On inquiring for his old friend of an Irish marker, who alone was in the room, he heard to his astonishment that Joseph Begg was dead!
“Yis, yer ’anner,” said this man, with a strong Dublin brogue; “he’s did an’ bur’d mor’n foor month. He wint to dhrink a pint of rhum agin some City swell or other for a bet of a fife-pun-nut, and be Jabers! it kilt poor Begg enthirely! Shure, yer ’anner, he jist dhropped down did on the flure, he did, yer ’anner. Good luck till him! Faith he wor one of the raal sort, too, and he desarved to win, but the rhum was too much for him—bad cess to it!”

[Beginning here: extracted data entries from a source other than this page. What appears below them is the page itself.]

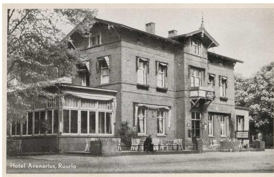
Foto van Avenarius uit 1948

Het geslacht Avenarius in casu de familie Meilink heeft een dusdanige invloed op het reilen en zeilen van het logement gehad dat het Wapen van Ruurlo al in de eerste jaren na 1900 de naam Avenarius kreeg.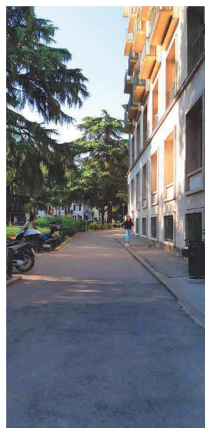
Piazzale Mazzini – tratto in prosecuzione di Viale Codalunga- vista da marciapiede lato rotatoria con via Giotto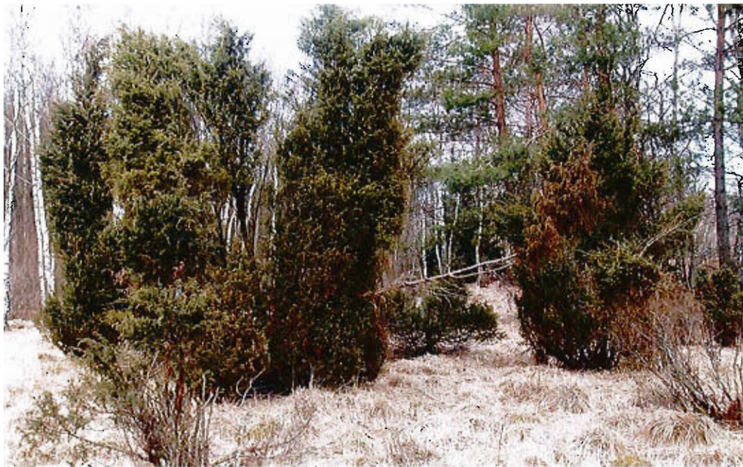
Przeszło 6 metrowe jałowce na obrzeżach Rekowa

Na powierzchni ok. 20 ha planowane jest utworzenie rezerwatu „Rekowski wrzosiec”. Rezerwat będzie się znajdował w ciągu tras rowerowych. Około 1 km od Rekowa znajdują się zbiorniki retencyjne, które zasilają wodą drzewostany, co wpływa korzystnie na walory krajobrazowe.

It seemed another link in the chain of ill-luck which had enwrapped him ever since his marriage with Susan Hartshorne; and Markworth turned away with a heavy heart to seek his quarters at Mrs Martin’s, while the Irish lad was crooning out some ditty about a “gintlemun” who—
“Turned up his nose,
And the tips of his toes,
To the roots of the daisies, oh!”
But he readily found an asylum in Bloomsbury, as he had thought; still even there his fate still pursued him, and he was arrested next day, as already told.
The first visitor who came to see him in the sponging-house was she who had last held him on the heights of Ingouville, and called him murderer. He was proportionately glad to see her: a mutual pleasure, without doubt!
But his troubles had much shaken him, and Markworth was not the Markworth of before—the cool collected man of the world with a strong spice of the devil-may-care element; he was cowed and beaten.
“What do you want here with me, Clara Kingscott?” he growled out, as he cowered from her fixed gaze of hate. “What do you want now, for God’s sake! I paid you, at all events!”
“What do I want, Allynne Markworth? I wanted to see you caged at last, villain! and now I’m satisfied!”
“Well, you’ve seen me now, so you may go away and be happy! But I don’t know why you hate me so, I’m sure; I don’t owe you any money at all events!”
“Money, money, money! that has always been the burden of your song—and now you see its worth!”
“I know it would take me out of here; that’s what I know!” he replied, with a faint attempt at a jocular laugh—it was a very faint one.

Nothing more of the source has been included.